SOCIEDAD › LA CRECIENTE TENDENCIA DE JUNTARSE A MEDITAR

Momento de meditación

Ya no son sólo las clásicas escuelas de yoga. Ahora hay chacras para ir varios días a meditar. Hay cursos para empresas y hasta en cárceles. Y también crecen los turistas que llegan al país a hacer meditación. Hay distintos grupos que siguen escuelas diferentes. Algunas se muestran en público en reuniones masivas como las de Palermo, el mes pasado.

 Por Soledad Vallejos

Una revolución silenciosa recorre los barrios. Sucede todo el año, pero suele notarse más en primavera, cuando algunos de los responsables toman una que otra plaza por asalto. Cinco, diez, veinte, miles: se sientan sobre el césped, respiran, entonan mantras; pueden cerrar los ojos. A su manera, dicen, se alejan, aunque a los profanos pueda parecerles que siguen ahí. Los meditantes son legión.

¿Quién les da forma, los guía, les revela los secretos? Preguntando a las apuradas y pronto: ¿cómo llegan ahí? La pregunta abre muchas respuestas, ninguna igual a la otra. Para no meditantes, es el umbral desde el que se relojea la dimensión desconocida: pequeñas y grandes multitudes, instructores, maestros, sahumerios, energías; fiestas libres de alcohol y drogas de las que los invitados salen más descansados de lo que llegaron; música caribeña basada en letras de mantras, un templo budista en el medio de la pampa húmeda...

A meditar que renace el mundo

No se sabe cuántos son pero sí que se acercan de a uno. A veces dicen que quieren cambiar su vida; otras no dicen nada y van viendo. Eso cuentan los maestros de escuelas tan diferentes como las cosas que van ofreciendo a quienes se acercan porque alguien les dijo, porque vieron, porque creen, porque quién sabe. La curiosidad puede aparecer un día cualquiera. El primer día de octubre, por ejemplo, miles de personas en distintas ciudades del país se terminaron sumando a un evento convocado por una de las escuelas de yoga y meditación más conocidas con dos objetivos poco modestos: “Lograr mayor bienestar social y contribuir a la paz social”. Pasó un mes. Todavía hoy, contó a este diario uno de los organizadores, la Fundación El Arte de Vivir y sus voluntarios no podrían precisar cuántas personas lograron reunir. “Pero eran muchas”, eso sí, aclara Ramiro Mora y Araujo.

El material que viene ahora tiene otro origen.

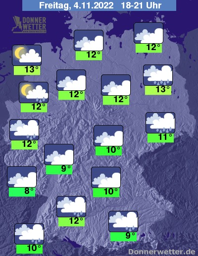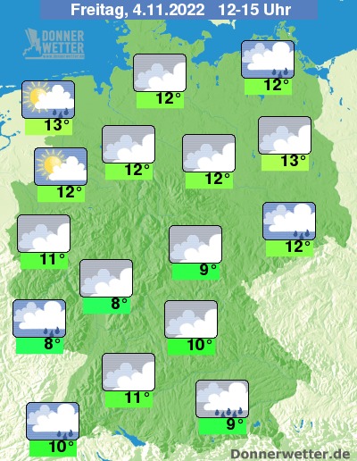 Heute Nachmittag hält sich über der Bundesrepublik verbreitet dichte Bewölkung und nur ganz selten zeigen sich mal Auflockerungen, am ehesten noch vom Niederrhein bis zur Nordsee. Vereinzelt bilden sich Schauer. Im Süden und Osten fällt gebietsweise Regen . Die Temperatur liegt bei 8 Grad am Westerwald und bis 13 Grad in Berlin.

Pero aunque sea difícil arribar a números, hay otros datos: no hay barrio sin escuela de yoga, no hay escuela de yoga sin espacio de meditación; se medita, también, en espacios de artes marciales. Con sus diferencias, que son muchas, todas las variedades terminan por adscribir a la manera oriental de entender el proceso de aprendizaje y enseñanza: la relación con un maestro que puede tener injerencia más allá del ámbito donde se hace la práctica.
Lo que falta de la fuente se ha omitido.